EXPLORATORY DATA ANALYSIS (EDA) & VISUALIZATION
WEEK 3 NOTES
Key Concepts Learned
- Different data with the exact same summary statistics can visualize differently and have very different spatial patterns.
- Visualization in a policy context is especially valuable due to working with real lives and geographical areas, so taking data at face-value in tabular form is different than seeing it aggregated via census tracts.
- It’s important to report margins-of-error, many planners and data scientists forget this key aspect and implement policy changes with low-confidence data.
- Not just bad data, but bad visualization can have consequences as well, especially hidden or ignored uncertainty being the main issue.

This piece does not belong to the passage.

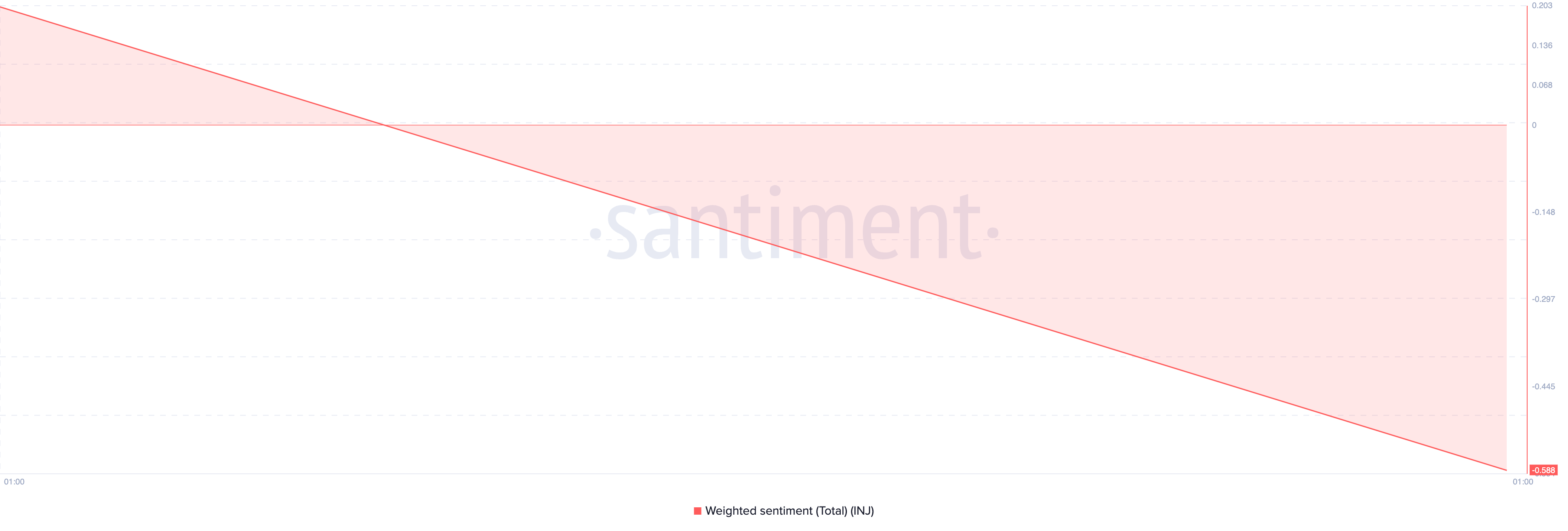 Videre snudde INJ sin vektede sentiment fra positiv til negativ i løpet av de tidlige handelstimene på torsdag, noe som fremhever økningen i bearish bias mot altcoinen. I skrivende stund er INJ sin vektede sentiment under nullinjen på -0,58.

- EDA mindset is detective work with five questions:
- What does the data look like?
- What patterns exist?
- What’s unusual?
- What questions does this raise?
- How reliable is this data?
- EDA workflow with data quality focus:
- Load and inspect.
- Assess reliability.
- Visualize distributions.
- Explore relationships.
- Identify patterns.
- Question anomolies.
- Document limitations.
Coding Techniques
- ggplot2 library’s graphics grammar starts with Data -> Aesthetics -> Geometris -> Visuals
- Basic structure: ggplot(data = your_data) + aes(x = variable1, y = variable2) + geom_something() + additional_layers()

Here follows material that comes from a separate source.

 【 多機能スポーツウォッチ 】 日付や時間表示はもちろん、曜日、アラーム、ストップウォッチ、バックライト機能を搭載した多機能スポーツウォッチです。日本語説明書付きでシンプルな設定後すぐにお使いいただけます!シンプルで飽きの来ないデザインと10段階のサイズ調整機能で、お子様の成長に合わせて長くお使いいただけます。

- The plus sign adds layers.
- Tabular data joins:
- left_join() keeps all rows from left dataset. Most common.
- right_join() keeps all rows from right dataset.
- inner_join() keeps only rows that match in both.
- full_join() keeps all rows from both datasets.
Questions & Challenges
- EDA is an important concept, but sometimes working in public policy, or especially private companies, don’t allow the space for that initial experimentation.
Connections to Policy
- Summary statistics can hide critical patterns.
- Outliers my represent important communities.
- Relationships aren’t always linear.
- Visual inspection reveals data quality issues.
- Good practices are ethical requirements under AICP Code of Ethics.
Reflection
- The goal is to understand the data being worked on before making decisions or building models.
- Research-based recommendations for public policy and planning:
- Report corresponding MOEs of ACS estimates.
- Include footnote when not reporting MOEs.
- Provide context for (un)reliability.
- Reduce statistical uncertainty.
- Always conduct statistical significance tests.